What this task involves
Below, some lines carry pictures; leave those pictures out and retype exactly the lines from the one with "แพ้ ลัตเวีย 0-1" through the one with "2月26日,大兴区礼贤镇第三".

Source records
···

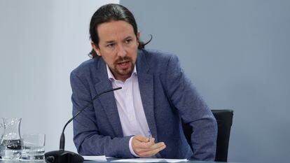 El vicepresidente tercero del Gobierno, Pablo Iglesias, durante la rueda de prensa posterior a la reunión del Consejo de Ministros celebrada este martes en el complejo de La Moncloa. En vídeo, Iglesias presenta el anteproyecto de ley para proteger a la infancia y a la adolescencia "frente a todo tipo de violencia".Vídeo: EFE
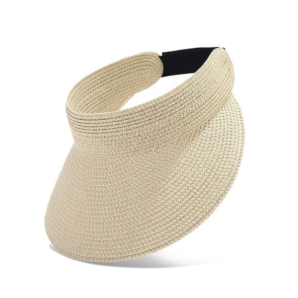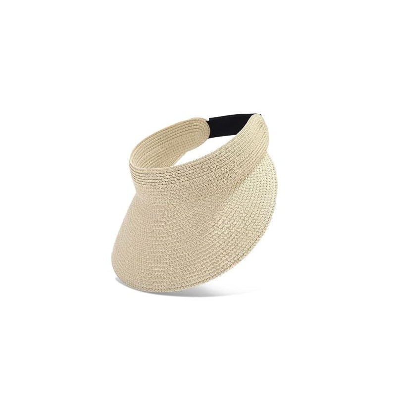Womens Sun Hat Straw Visor Cap Sun Protection Wide Brim Foldable Travel Summer Cap Beige
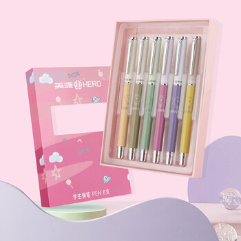 英雄(HERO) 钢笔 学生卡通文具三年级正姿练字日常书写套装 女款 6支装(颜色随机)
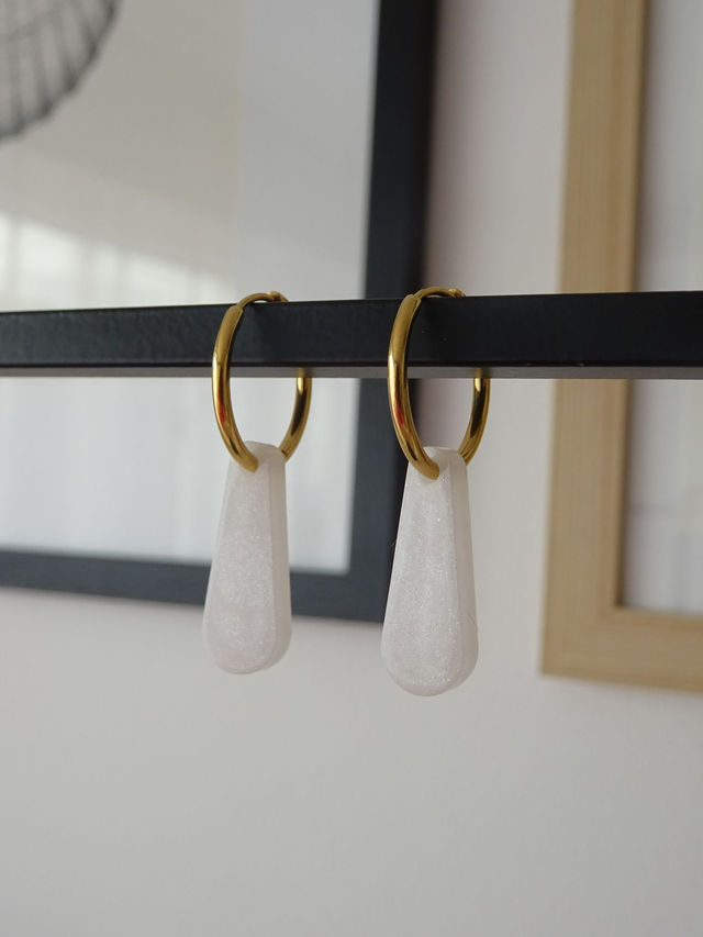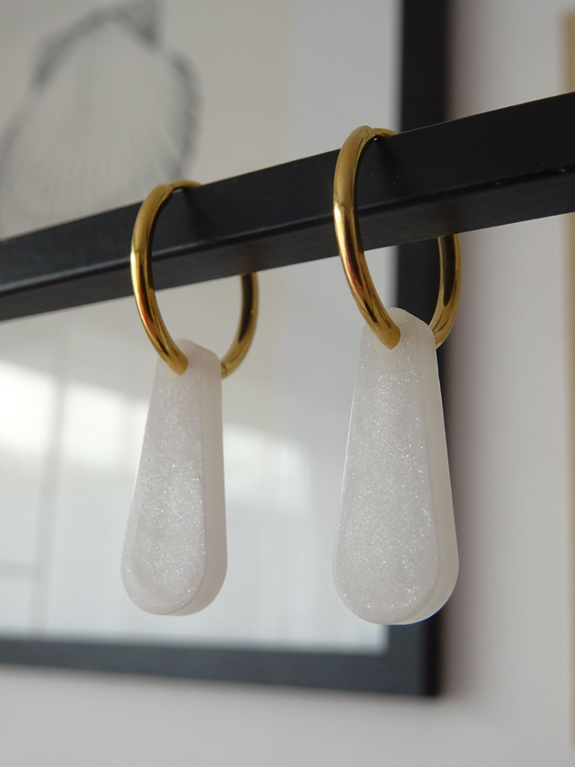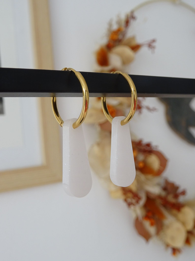 Pampilles en résine. Anneaux en acier inoxydable de 17mm.
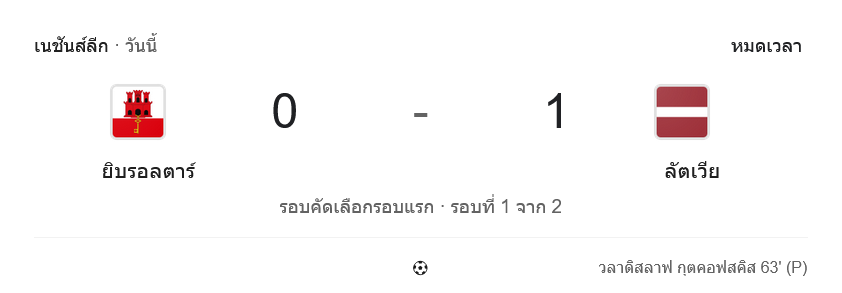 • ⏱️ นาที 90+4 หมดเวลา ยิบรอลตาร์ แพ้ ลัตเวีย 0-1
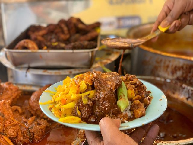 Indian Muslim rice dish from Penang, famous for mixing multiple curries over steamed rice, with meats and vegetables on the side.
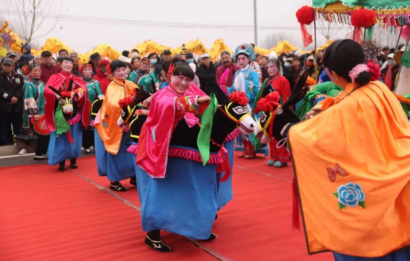 2月26日,大兴区礼贤镇第三届新春文化季正式启幕,活动从正月初十持续至正月十五,汇集非遗表演、市集、游艺等丰富内容,将浓浓年味送到大兴临空区回迁居民家门口。图为回迁居民表演小车会。
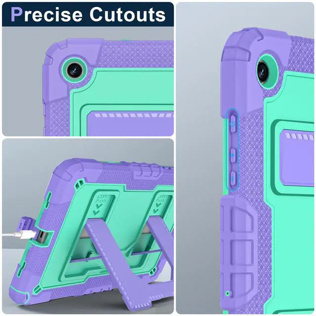 Mil-Grade Drop Protection --- The case is made from shockproof hard PC & soft silicone (so nice to touch),upgrad grade thickened corners & shock-proof design keeps your tablet better protected to avoid daily bumps,scrapes,defeat 99.99% accidental drops,unbreakable!
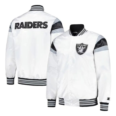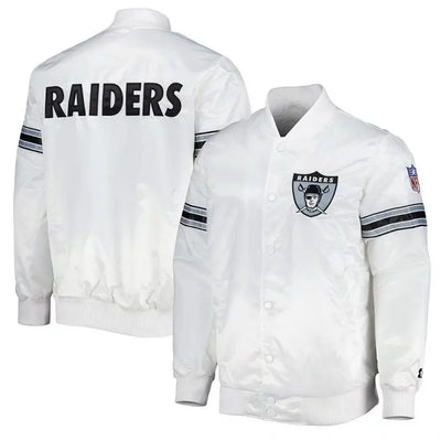Los Angeles Raiders The Power Forward Full-Snap Varsity White Satin Men's Bomber Jacket
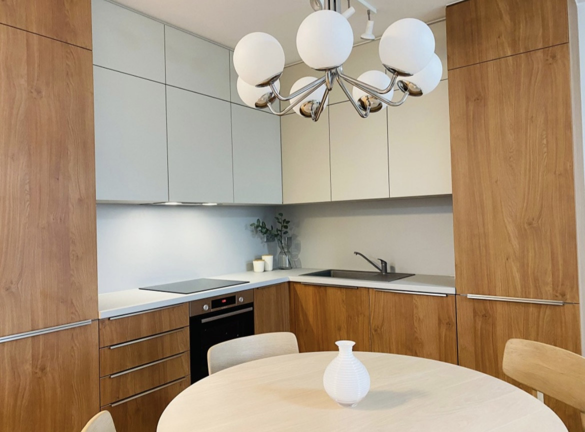 - otvorená dispozícia obývacieho priestoru - kuchyňa prepojená s obývacou izbou. Moderná kuchynská linka so zabudovanými spotrebičmi (vrátane umývačky riadu)
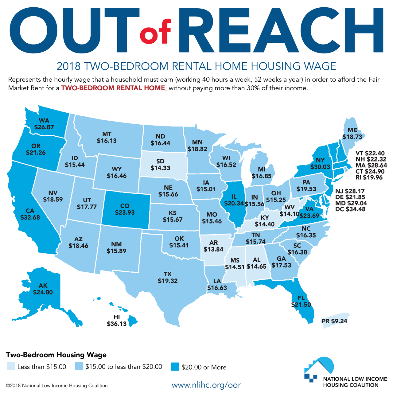 Plus tôt cette année, un rapport de la Coalition nationale du logement pour les personnes à faible revenu révélait qu’il n’existait pas un seul endroit aux États-Unis où une personne travaillant à temps plein au salaire minimum pouvait se permettre de louer un modeste appartement de deux pièces. Une personne travaillant 40 heures par semaine, 52 semaines par an, aurait besoin d’un salaire horaire de 26,87 dollars (23,57 euros) pour se permettre un tel appartement sans dépenser plus de 30 pour cent de son revenu. Dans la capitale, Washington DC, où le salaire minimum actuel est de 13,25 dollars (11,62 euros), il faudrait gagner 34,48 dollars (30,25 euros) de l’heure pour louer un modeste deux-pièces.
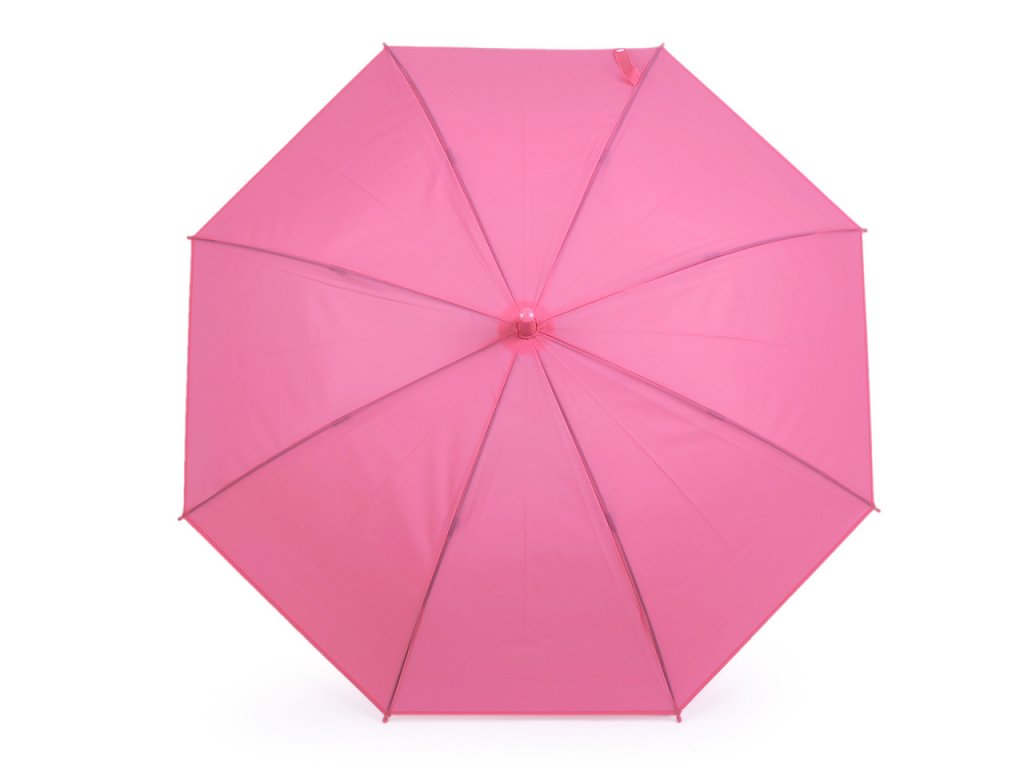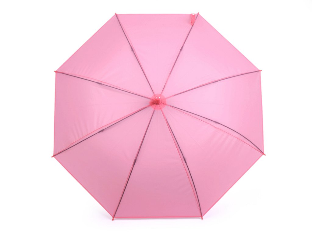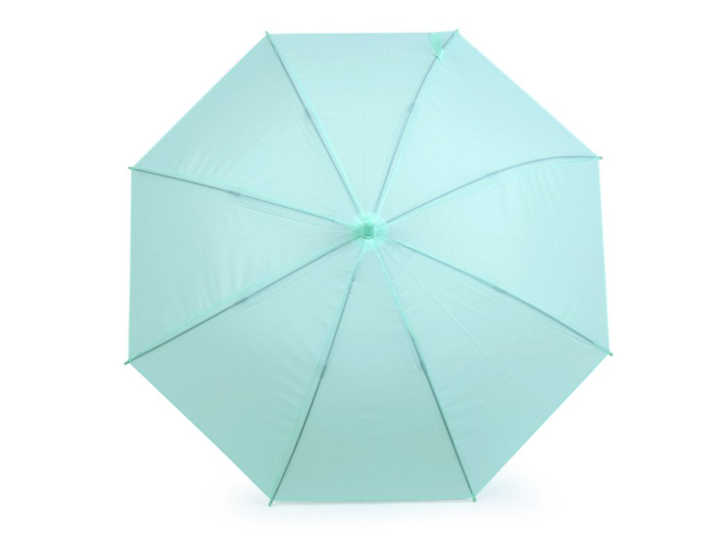 Dívčí deštník s jednobarevným potahem v módních pastelových barvách má už větší velikost. Hodí se pro dívky od cca 8 let. Deštník je vystřelovací, má klasickou tyč zakončenou pevnou rukojetí. Konstrukce deštníku je z kovového drátu a pružných lamel, tvoří osm polí. Díky nim je velice pevný, neohne se ani za největšího nečasu.
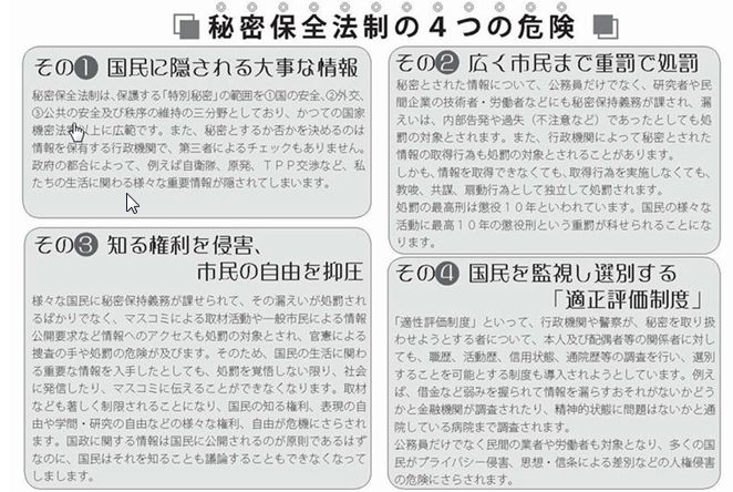 維持法に匹敵するものだそうだ。この法律は絶対に通してはならないものだ。各分野でも反対の声が起こりつつある。少し遅い気がするが、これからが正念場だ。 これが通ると 今右傾化している世の中、ますます戦前の世の中に近づいていくことになる。内容と危険性は下に挙げた。これは他のホームページから転載したものです。ぜひ読んでほしい。字が小さい ならば拡大して読んでほしい。
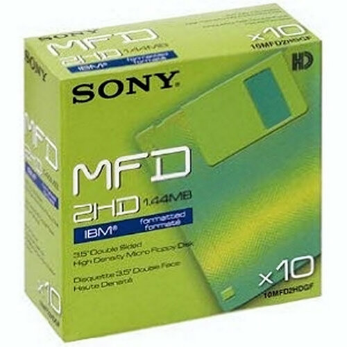 190737 10MFD2HDGF Дискеты 1,44 Мб SONY 3.5" дюйма MF 2HD картон (10 дискет в упаковке)
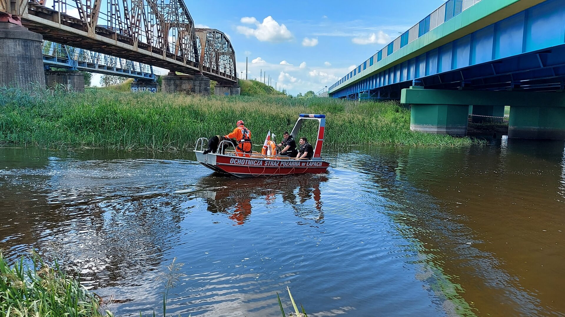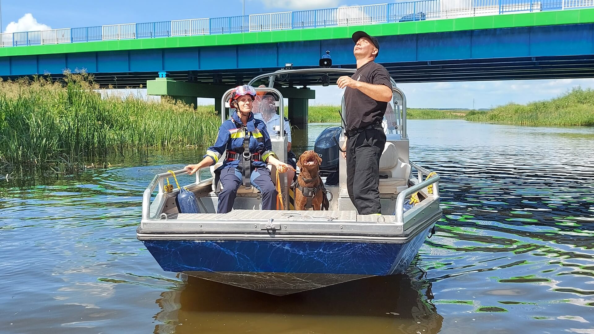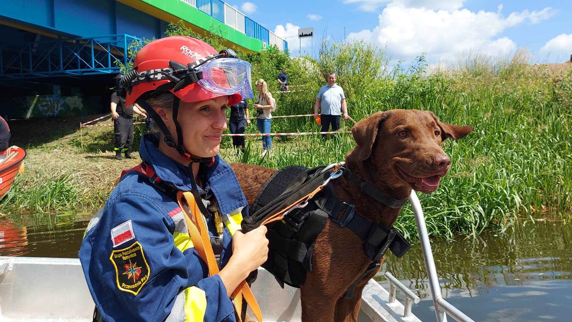 Na rzece Narew, w głębi zalewowego terenu, gdzie trzciny sięgały około 2 metrów wysokości pies miał za zadanie odnaleźć osobę i doprowadzić do niej przewodnika.
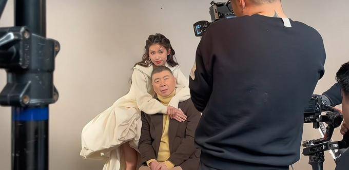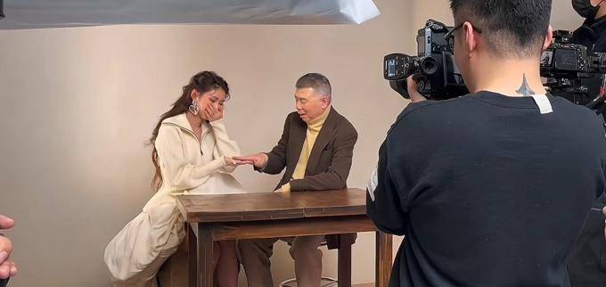 徐朵和她的爸爸开始了正式的拍摄,他们化妆并换上了新衣服,给人一种拍摄的感觉。摄影师可能是在一个轻松的环境中,让父亲和女儿玩些小游戏来拍照,他们之间的互动非常自然,表现也非常亲密。
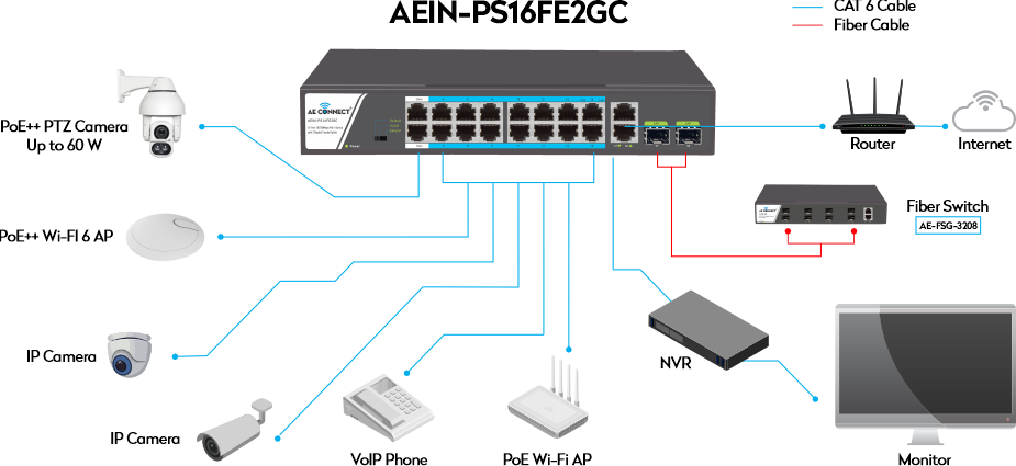 | Downlink Ports | 16*10/100M Self-adaptive PoE+ Ports (Port No.1-2 will support 60W Hi-PoE) |
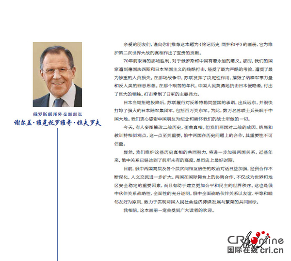 国际在线报道:在中国人民抗日战争暨世界反法西斯战争胜利70周年之际,国家主席习近平和俄罗斯总统普京日前分别为《铭记历史 同护和平——纪念世界反法西斯战争胜利70周年》画册致辞。
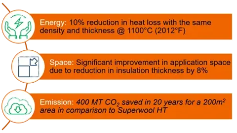 Superwool Prime, a patented 1300°C (2370°F) AES Low Biopersistent Fibre that delivers energy savings, improved application efficiency, and reduced emissions.
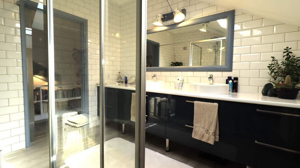 - Double garage (bigger than standard) plus additional garage divided into a single garage and office
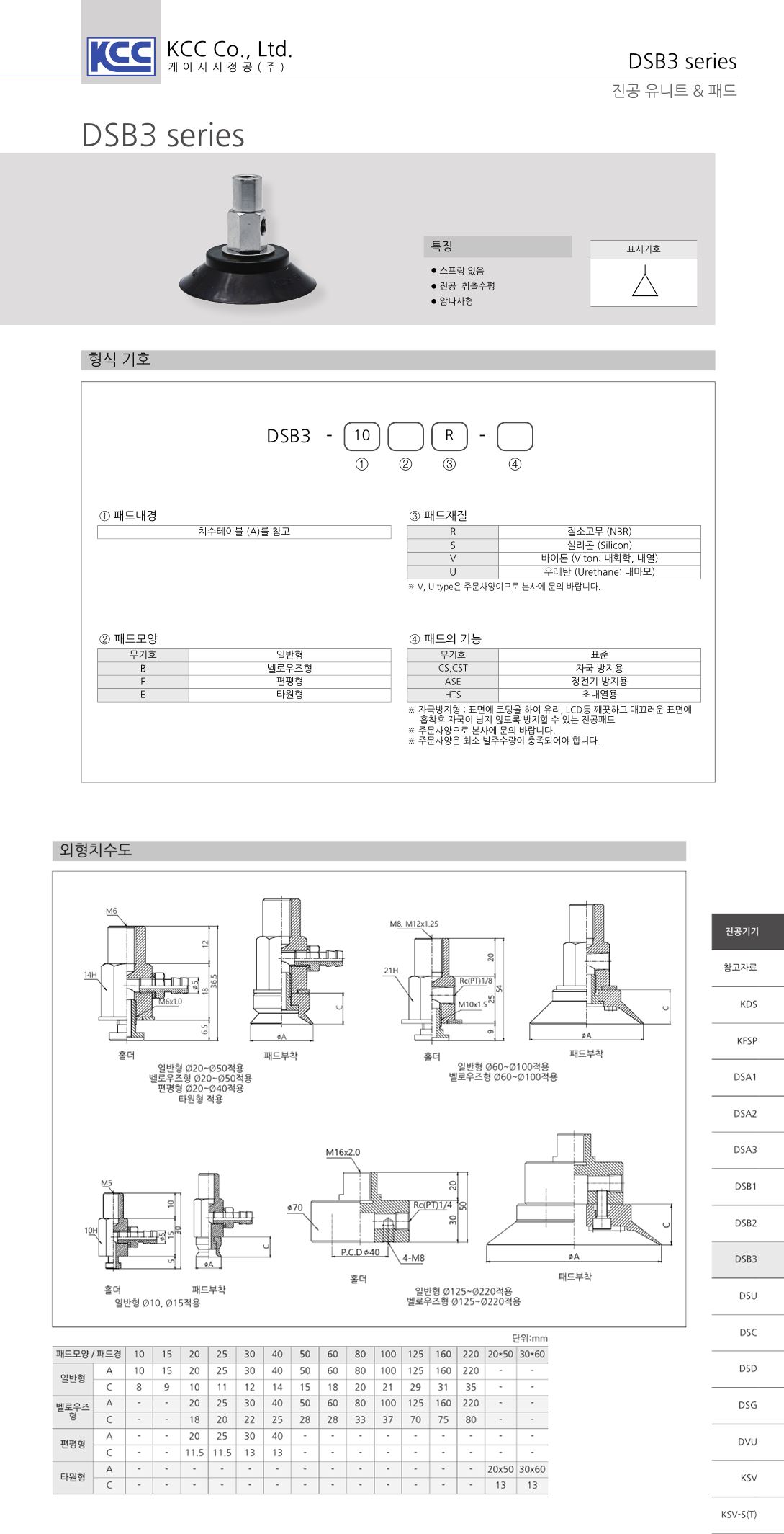 DSB3 진공유니트 / 패드경-패드모양-패드재질
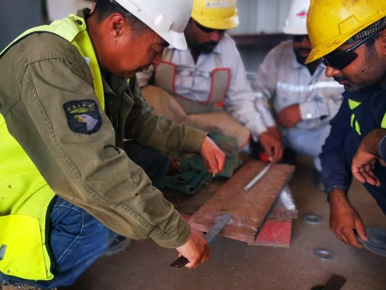 他的“洋徒弟们”都亲切地称呼他为“曹师傅”,虽然语言不通,但是平时也能开着玩笑,工作氛围非常愉快,这让艰苦的焊修工作变得轻松。

···

Solved exercise
 • ⏱️ นาที 90+4 หมดเวลา ยิบรอลตาร์ แพ้ ลัตเวีย 0-1
 Indian Muslim rice dish from Penang, famous for mixing multiple curries over steamed rice, with meats and vegetables on the side.
 2月26日,大兴区礼贤镇第三届新春文化季正式启幕,活动从正月初十持续至正月十五,汇集非遗表演、市集、游艺等丰富内容,将浓浓年味送到大兴临空区回迁居民家门口。图为回迁居民表演小车会。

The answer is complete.